The Sources panel contains both the extracted JavaScript and the Java source files, as long as you haven't disabled JavaScript source maps in Developer Tools. You can set breakpoints in the Java source files to stop the code execution and examine a variety of useful information, such as variable values.

When a test fails, you will see several stack traces. One of these contains clickable links to the corresponding Java source files for the stack frames.

Developer extension

ant package generates an unpacked Chrome extension under out/extension, which you can add to the browser with the following steps:

  1. Go to chrome://extensions
  2. Enable developer mode
  3. Select to load an unpacked extension and point to the out/extension folder.

The extension currently supports profiling the extraction code.

It also adds a panel to the Developer Tools which you can use to trigger extraction on the inspected page. This can be used to trigger and profile extraction on a mobile device which you are currently inspecting using chrome://inspect.

Logging

Use LogUtil.logToConsole() to log information for debugging. Where the log output is stored varies with how DOM Distiller is run:

For an example, see $DOM_DISTILLER_DIR/java/org/chromium/distiller/PagingLinksFinder.java.

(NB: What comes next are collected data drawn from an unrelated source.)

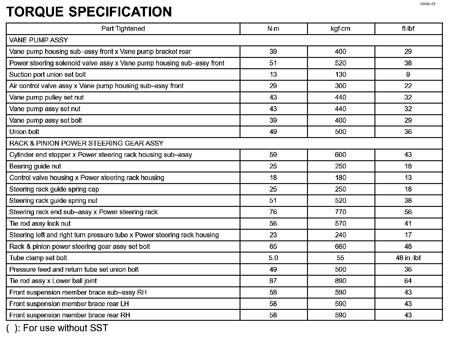 Power Steering - Torque Specification: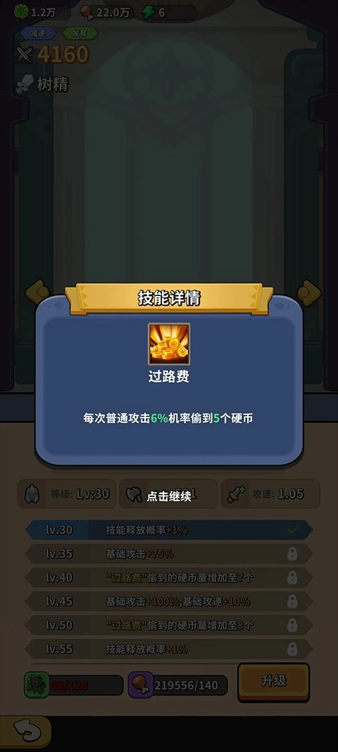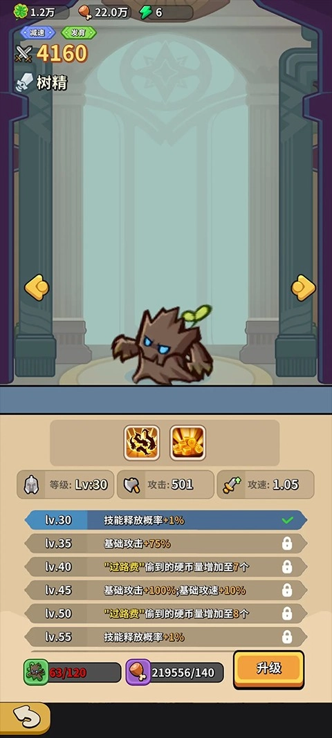 “树精”的普攻每次有6%的概率能获取5个银币。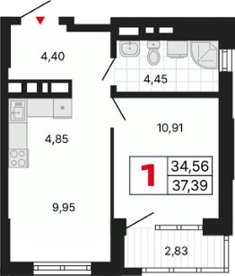 Однокомнатная квартира с предчистовой отделкой в ЖК "Милый дом" на 20 этаже. Общая площадь: 37.39 кв.м. В квартире один совмещенный санузел. Высота потолков 2.7 м.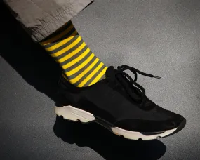 Those socks will be a fine addition to anyone's winter or summer wardrobe. Although the design of the socks is simple, it remains timelessly fashionable and stylish. The color pattern of this pair of socks is unique in its striking contrasts. While the cool colors generate a sense of seriousness, the warm yellow color of the main body complements this sensation and demonstrates a sense of spontaneity. Overall this pair of socks be highly suitable to all those who have a playful spirit under a perhaps serious appearance. But no matter who you are, it is never lame to have a little fun with your socks!

Use ant package '-Dgwt.custom.args=-style PRETTY' for easier JavaScript debugging.

Mobile distillation from desktop

  1. In the tab with the interesting URL, bring up the Developer Tools emulation panel (the mobile device icon).
  2. Select the desired Device and reload the page. Verify that you get what you expect. For example a Nexus 4 might get a mobile site, whereas Nexus 7 might get the desktop site.
  3. Copy the User-Agent from the UA field to the clipboard. This field does require reload after changing device, but it is good practice to verify that you get what you expect.
  4. Re-start chrome with --user-agent="$USER_AGENT_FROM_CLIPBOARD". Remember to also add --enable-dom-distiller.
  5. Select Toggle distilled page contents from the menu to display the distilled page.

If you want you can copy some of these User-Agent aliases into normal bash aliases for easy access later. For example, Nexus 4 would be:

--user-agent="Mozilla/5.0 (Linux; Android 4.2.1; en-us; Nexus 4 Build/JOP40D) AppleWebKit/535.19 (KHTML, like Gecko) Chrome/18.0.1025.166 Mobile Safari/535.19"